_EXERCISE INSTRUCTIONS_
The copy must hold every line from the one with "松屋は、日本ハムとコラボした" through the end of the listing, word for word, and must hold no pictures.
====================
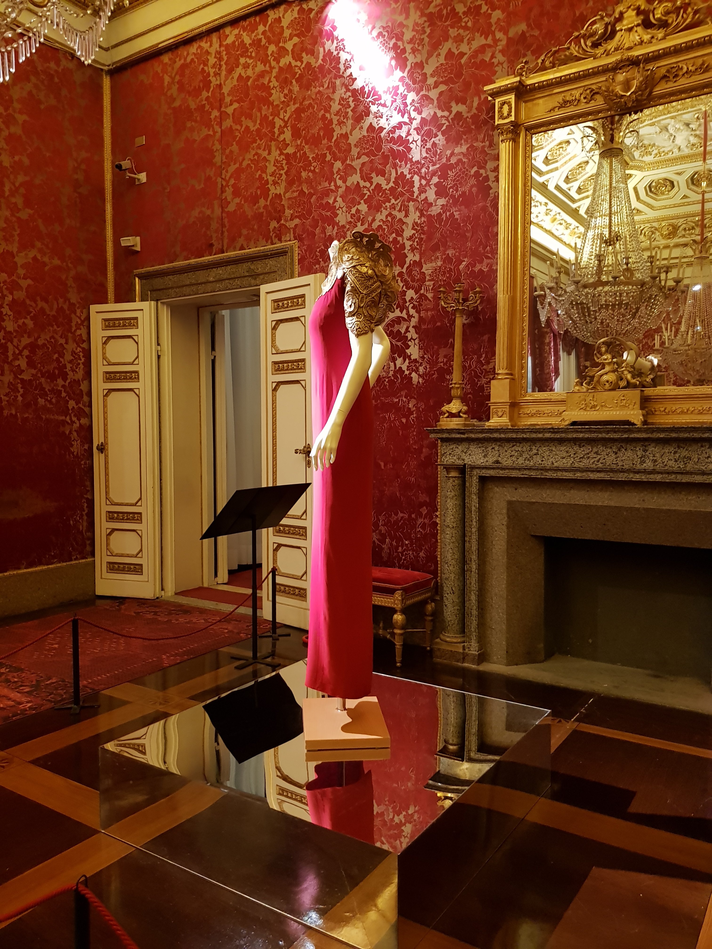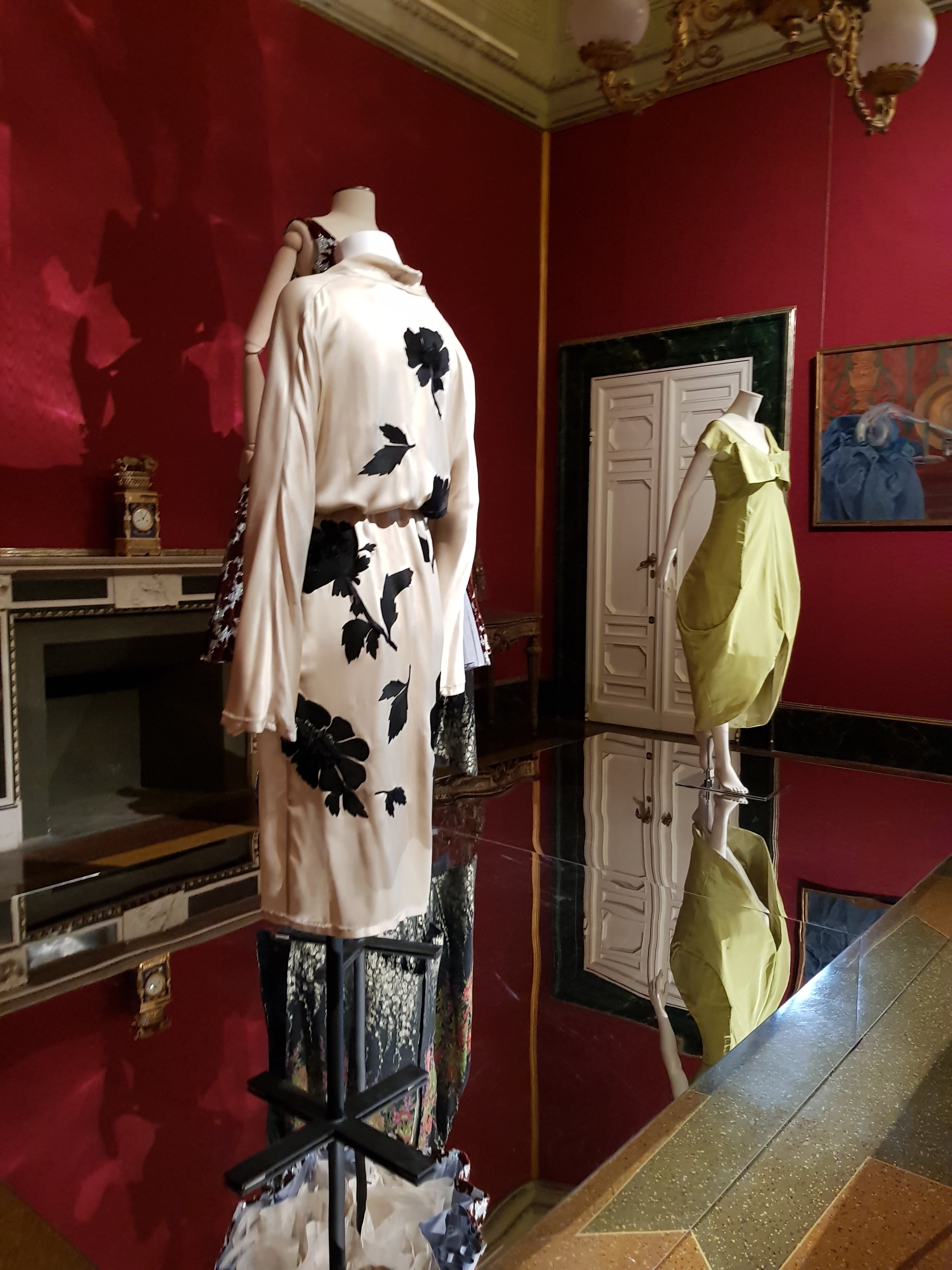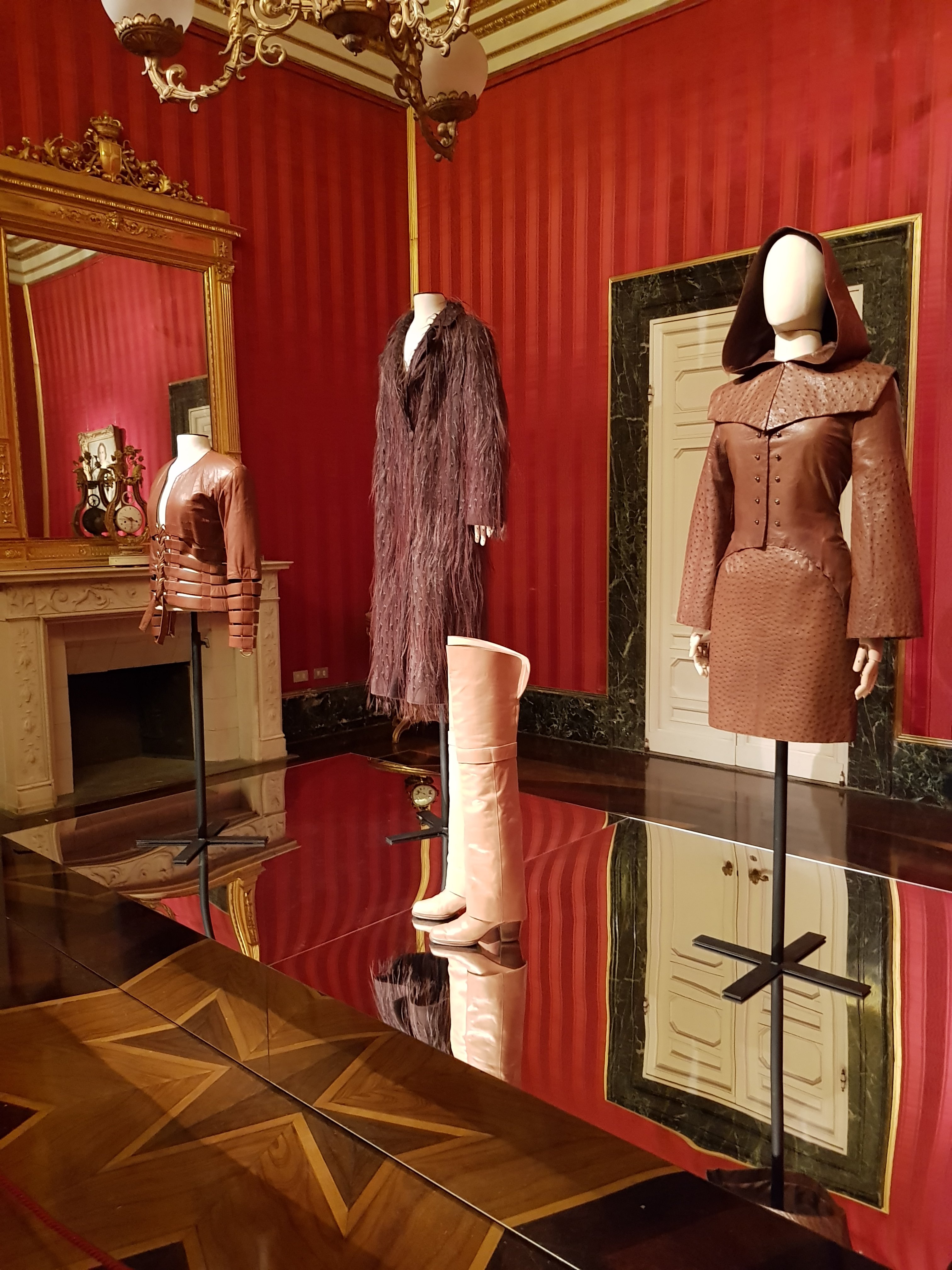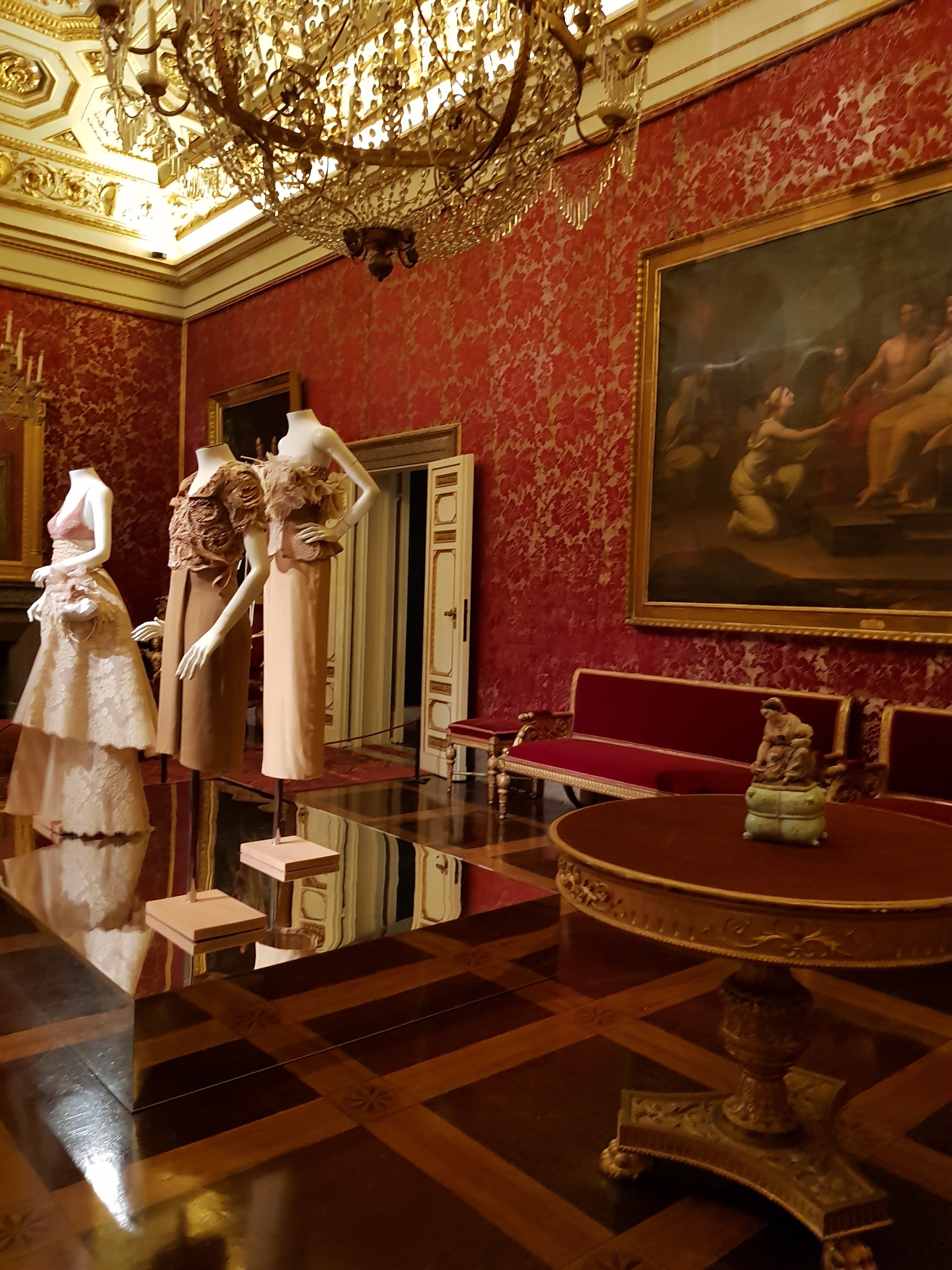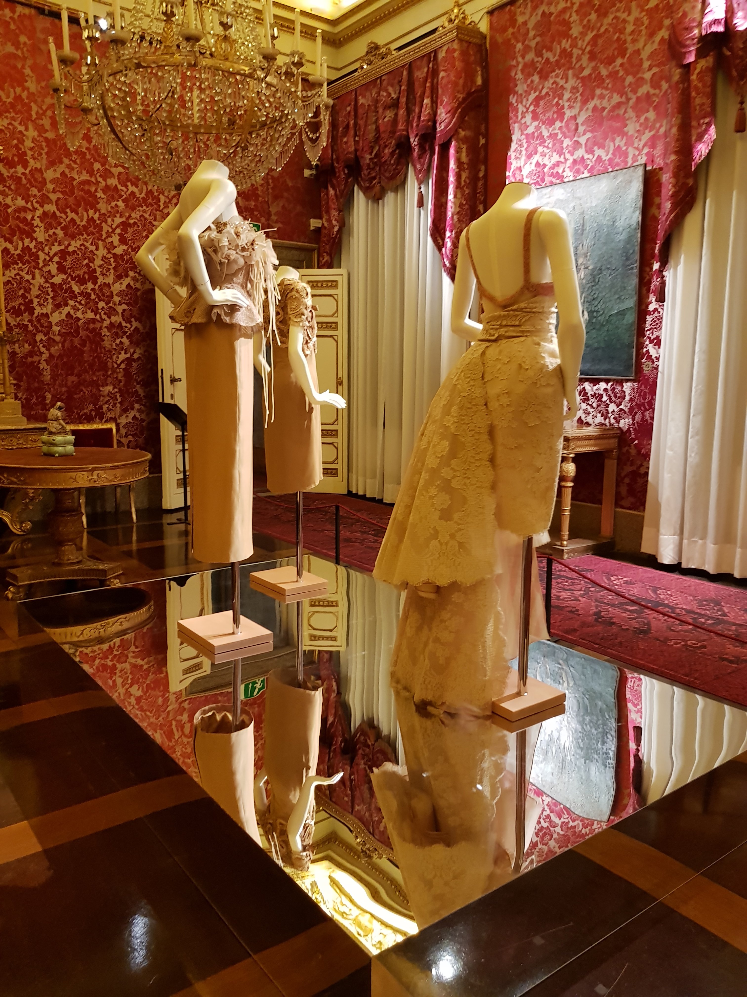בניגוד לתערוכות אופנה מודרניות, המוצגות בחללים המינימליסטיים והחדגוניים של מוזיאונים גדולים כמו מומה בניו יורק או המוזיאון לאמנות דקורטיבית בפאריז, פה הבגדים מוצגים בתוך החדרים המפוארים והמרשימים: ציורי קיר, טאפטים ממשי, שטיחי קטיפה ורהיטים מהודרים ממלאים את חלל המוזיאון ומתחרים בשמלות. למרות החשש הראשוני, המוצגים לא נעלמים בחלל, אלא דווקא משתלבים בעושר היצירה האנושית ומתגברים כך על הסטריליות של המוזיאונים המודרניים, שקירותיהם צבועים לרוב בשחור או לבן ׳נקיים׳.
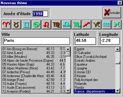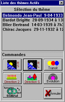 NOTA: Les couleurs utilisées pour l'affichage de chaque élément de la liste sont celles définies pour le "Thème Natal", dans le dialogue "Couleurs des Thèmes" du menu "Préférences".
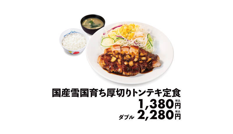 松屋は、日本ハムとコラボした新メニュー「国産雪国育ち厚切りトンテキ定食」を、6月24日10時から全国の松屋(一部店舗を除く)で販売する。
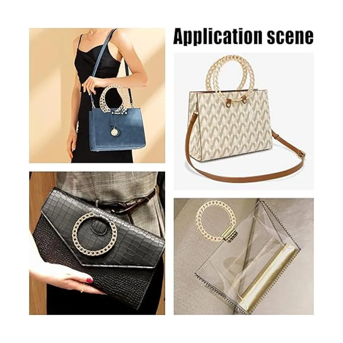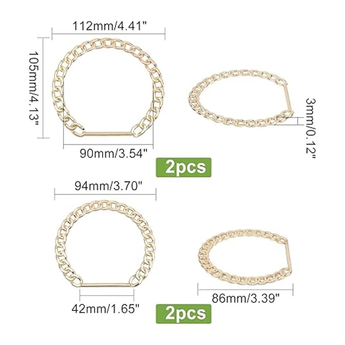 El paquete incluye: Viene con 4 asas de bolsa, en dorado y 2 tamaños, aproximadamente 3.9 x 4.3 in de largo; aproximadamente 3.7 x 3.4 in, el mango de metal en forma de D también es ideal para reparar tu preciada bolsa.
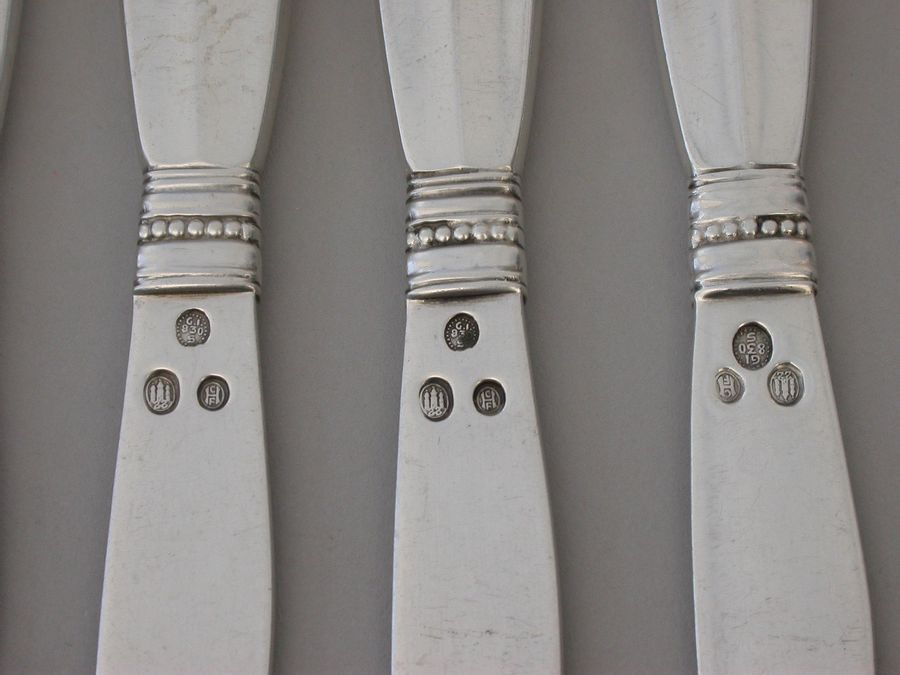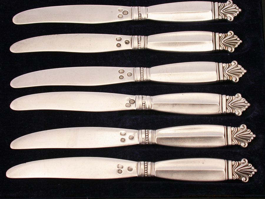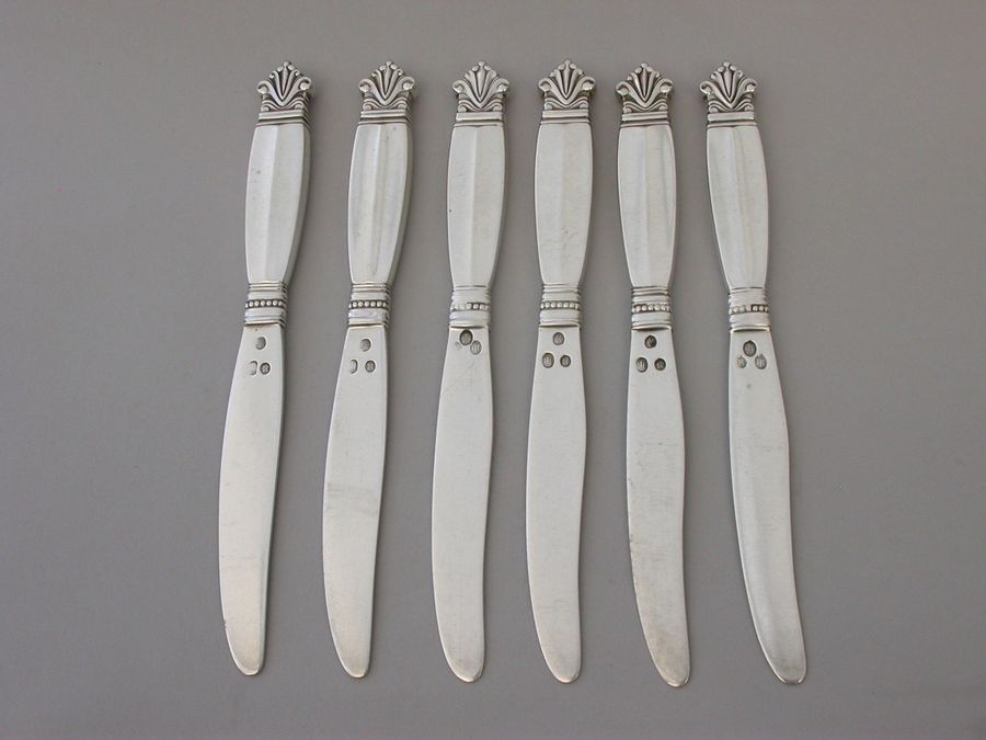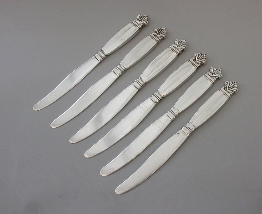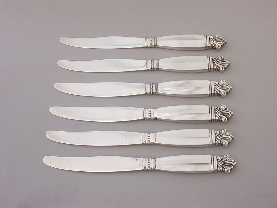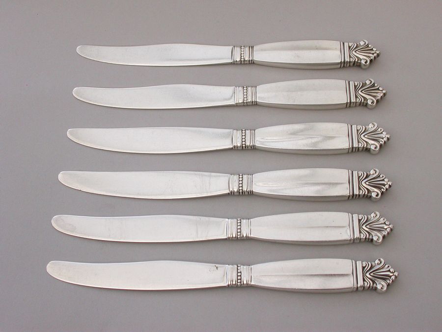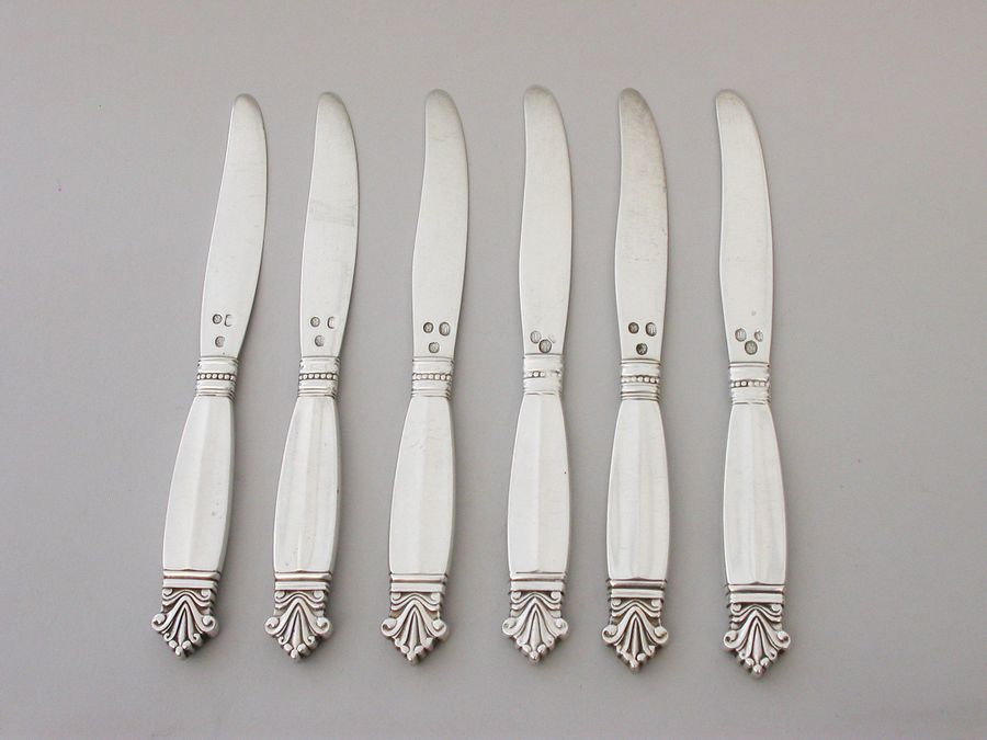 Set of 6 Danish Silver Acanthus Pattern Dessert Knives - Johan Rohde
====================
_EXERCISE SOLUTION_
 松屋は、日本ハムとコラボした新メニュー「国産雪国育ち厚切りトンテキ定食」を、6月24日10時から全国の松屋(一部店舗を除く)で販売する。
 El paquete incluye: Viene con 4 asas de bolsa, en dorado y 2 tamaños, aproximadamente 3.9 x 4.3 in de largo; aproximadamente 3.7 x 3.4 in, el mango de metal en forma de D también es ideal para reparar tu preciada bolsa.
 Set of 6 Danish Silver Acanthus Pattern Dessert Knives - Johan Rohde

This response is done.